The Specials Laboratory is one of the region’s success stories which was started by business partners Fiona Cruickshank and Brian Dougherty in Newcastle’s Royal Victoria Infirmary in 1999.

It grew quickly, now has annual sales of £16m and employs 135 staff making unlicensed medicines for the retail pharmaceutical and hospital markets.

The medicines are known as specials because they are used to treat patients who fail to respond to normal prescribed drugs.

In late 2008, the two founders sold the business to Irish-based United Drug for £20.1m, with a further £4.5m over two years if profit levels are achieved.

By the time of the sale, Griffiths had progressed to general manger and shortly after the sale, the new Irish owners appointed her as managing director.

Griffiths had been made general manger in 2006 and in a short space of time she undertook a complete overhaul of the company, leading to major improvements in the speed and efficiency of the operation.

At the time, Specials worked to a 48-hour turnaround on orders, but Griffiths’ changes ensured that it soon raised it game and the firm went from being able to hit a 24% 24-hour turnaround for orders to 90%.

Specials is now capable of producing 15,000 formulations and adds around 10 new ones every day.

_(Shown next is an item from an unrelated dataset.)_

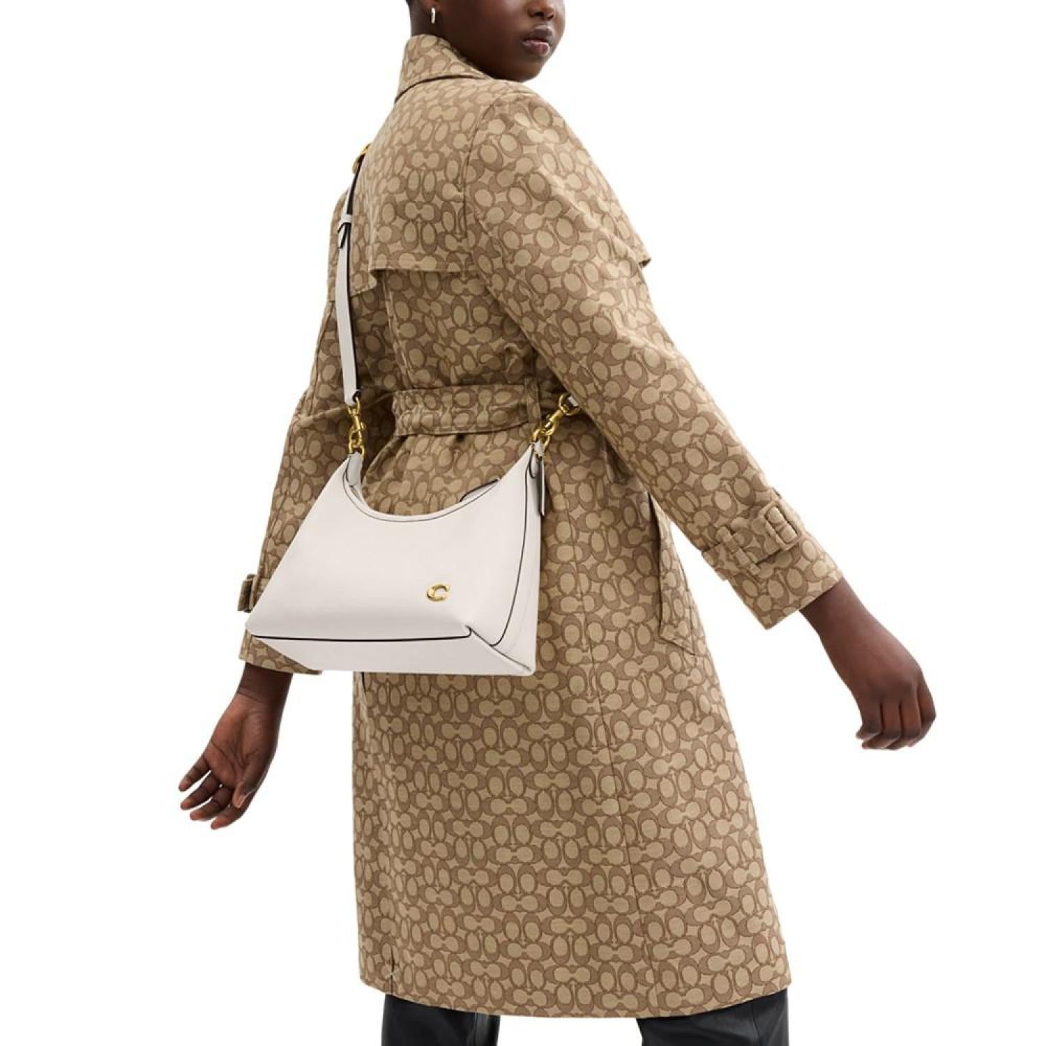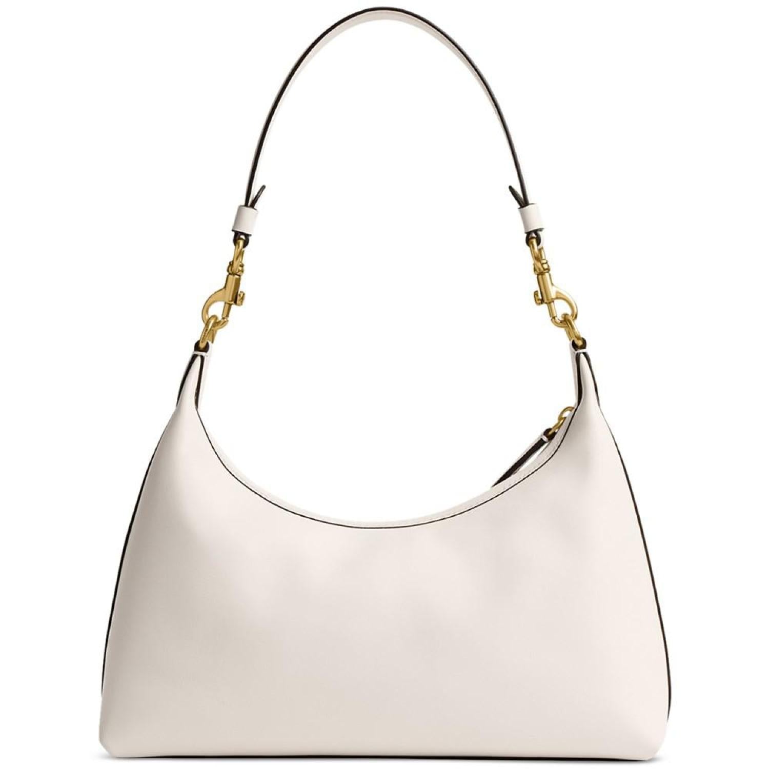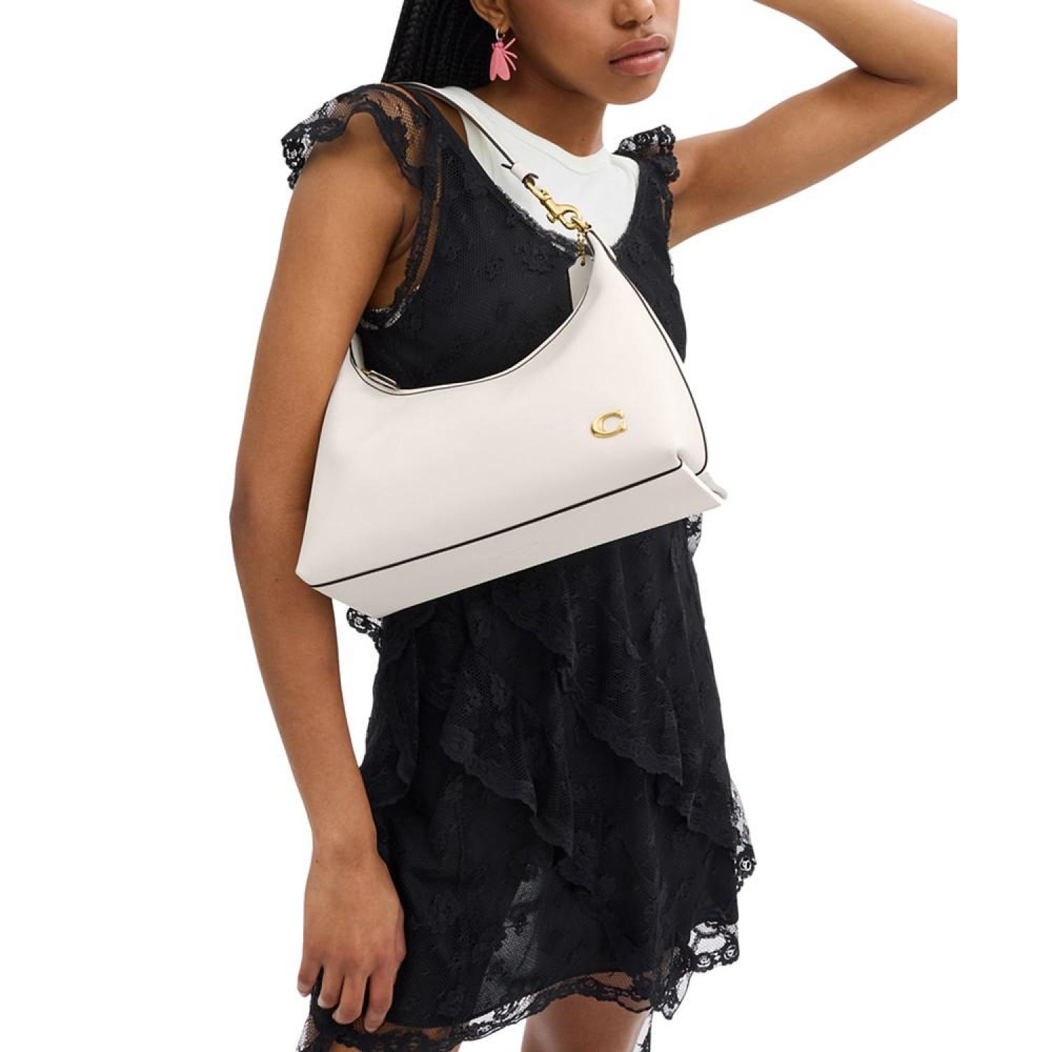 This leather handbag by COACH is the perfect everyday accessory. Complimenting anything you pair it with, the removable strap and handle offers style versatility while the metal logo lends an iconic finish. Medium sized bag; 12"W x 8-3/4"H x 4-1/2"D (width is measured across the bottom of handbag) Silhouette is based off 5'9" model 11"L removable handle; 21-1/2"L removable strap Zippered closure Gold-tone hardware & metal logo, interior slip snap pocket Leather Spot clean Imported
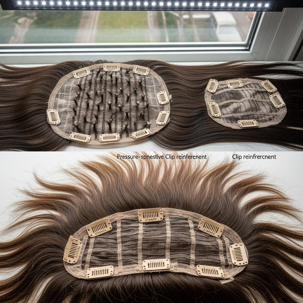 For fit and wear, use silicone‑backed, pressure‑sensitive clips placed along a PU edge to minimize traction on fragile zones. Allow clip re‑positioning on request and consider an optional elastic comfort band for clients with sensitive scalps. Packaging should be a rigid tray and breathable net so the base contour and straight hair lay stay pristine on arrival.

Each order goes through 15 checks before being dispatched. Its customers currently comprise of 250 hospitals and 6,000 pharmacies. It estimates the total market it is competing in is worth around £150m a year.

Griffiths is buoyant about the company’s prospects, expecting to achieve double-digit revenue growth for the foreseeable future.

Having risen through the ranks and witnessed the company’s growth at close quarters, she says the key to its success and future ambitions is its people.

“Our customer retention is 99% and our staff retention is 97%,” she says.